- Given data:
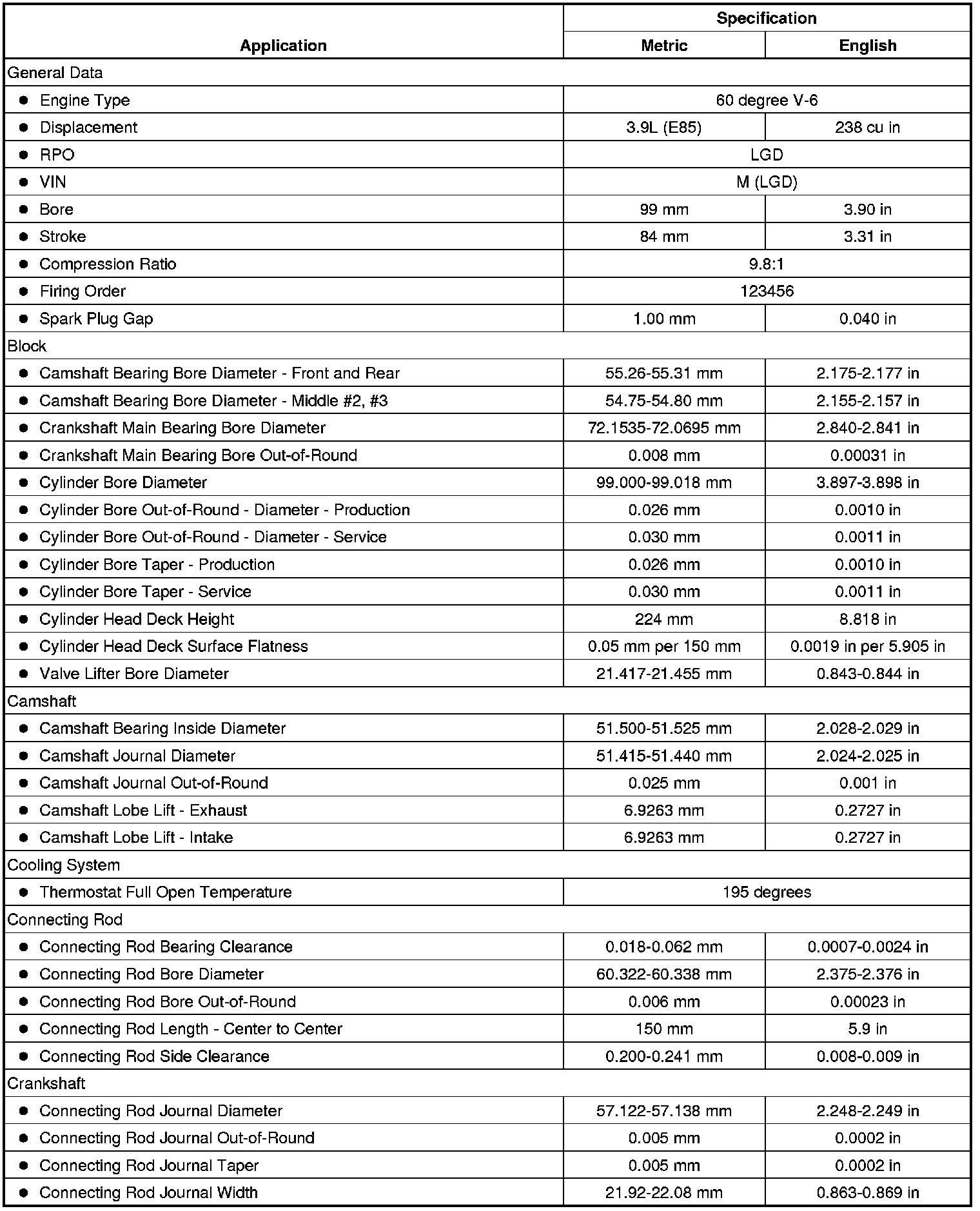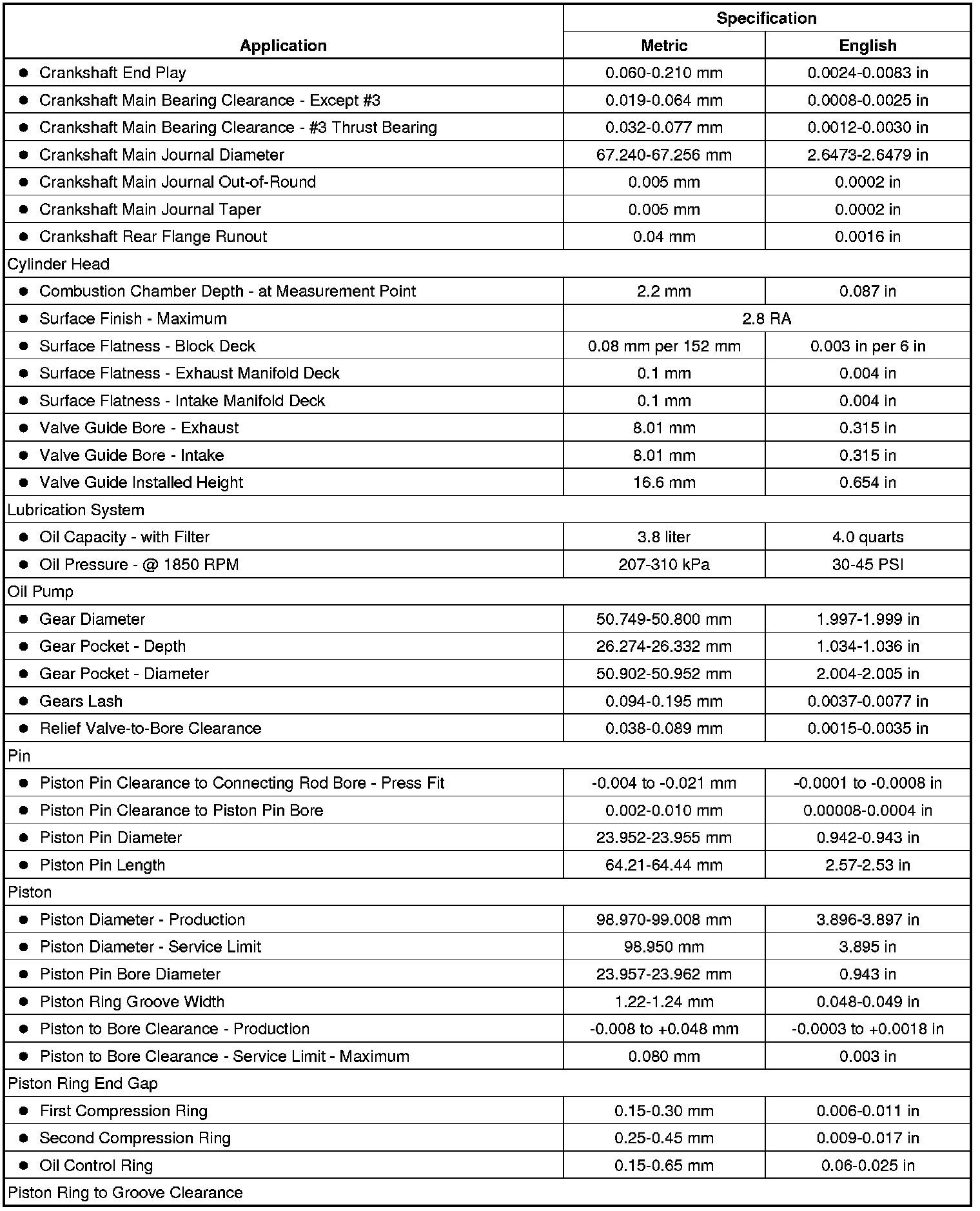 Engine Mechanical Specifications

...

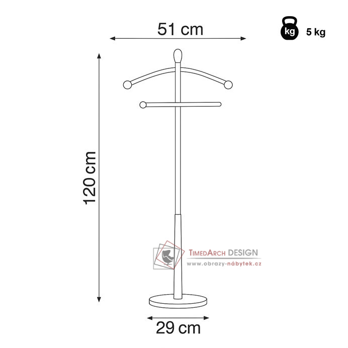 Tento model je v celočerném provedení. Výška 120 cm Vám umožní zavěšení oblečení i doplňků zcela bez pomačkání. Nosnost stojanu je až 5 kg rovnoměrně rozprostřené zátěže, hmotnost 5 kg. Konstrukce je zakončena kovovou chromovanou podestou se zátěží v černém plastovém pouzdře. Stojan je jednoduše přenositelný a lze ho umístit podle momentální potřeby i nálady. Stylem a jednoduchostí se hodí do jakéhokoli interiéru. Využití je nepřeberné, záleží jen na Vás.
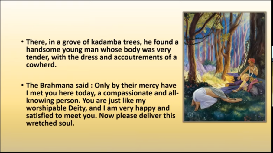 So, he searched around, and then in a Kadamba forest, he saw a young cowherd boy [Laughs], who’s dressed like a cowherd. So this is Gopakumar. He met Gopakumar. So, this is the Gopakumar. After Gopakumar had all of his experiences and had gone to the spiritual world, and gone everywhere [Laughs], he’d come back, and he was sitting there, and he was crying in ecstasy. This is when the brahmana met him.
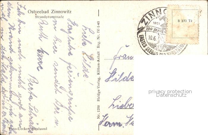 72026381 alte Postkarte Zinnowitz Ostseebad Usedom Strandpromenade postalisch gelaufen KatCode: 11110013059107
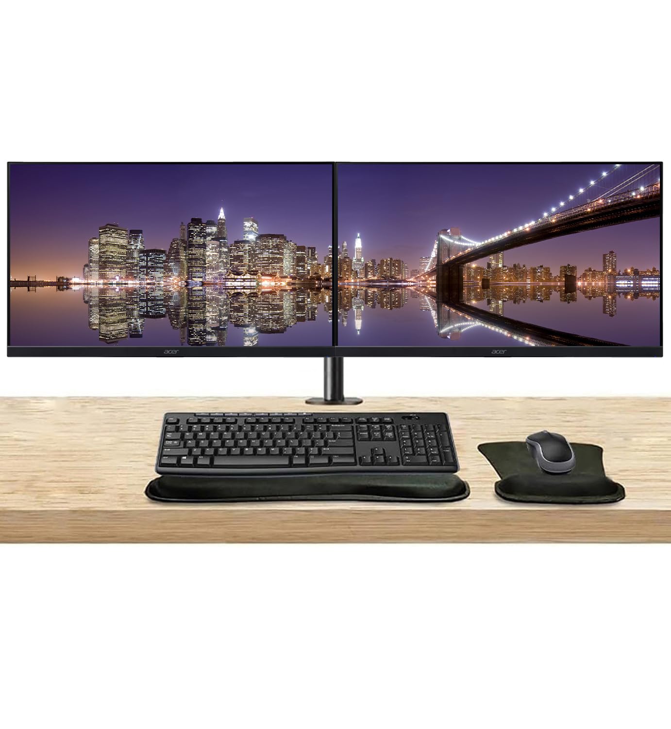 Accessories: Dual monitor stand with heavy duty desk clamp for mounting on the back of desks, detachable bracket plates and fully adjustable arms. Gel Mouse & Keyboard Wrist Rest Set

- What you should do: Above are some records; quote exactly and only the lines that begin at the line containing "Tento model je" and stop after the line containing "Accessories: Dual monitor", leaving out the pictures.

- Reply to the task:
 Tento model je v celočerném provedení. Výška 120 cm Vám umožní zavěšení oblečení i doplňků zcela bez pomačkání. Nosnost stojanu je až 5 kg rovnoměrně rozprostřené zátěže, hmotnost 5 kg. Konstrukce je zakončena kovovou chromovanou podestou se zátěží v černém plastovém pouzdře. Stojan je jednoduše přenositelný a lze ho umístit podle momentální potřeby i nálady. Stylem a jednoduchostí se hodí do jakéhokoli interiéru. Využití je nepřeberné, záleží jen na Vás.
 So, he searched around, and then in a Kadamba forest, he saw a young cowherd boy [Laughs], who’s dressed like a cowherd. So this is Gopakumar. He met Gopakumar. So, this is the Gopakumar. After Gopakumar had all of his experiences and had gone to the spiritual world, and gone everywhere [Laughs], he’d come back, and he was sitting there, and he was crying in ecstasy. This is when the brahmana met him.
 72026381 alte Postkarte Zinnowitz Ostseebad Usedom Strandpromenade postalisch gelaufen KatCode: 11110013059107
 Accessories: Dual monitor stand with heavy duty desk clamp for mounting on the back of desks, detachable bracket plates and fully adjustable arms. Gel Mouse & Keyboard Wrist Rest Set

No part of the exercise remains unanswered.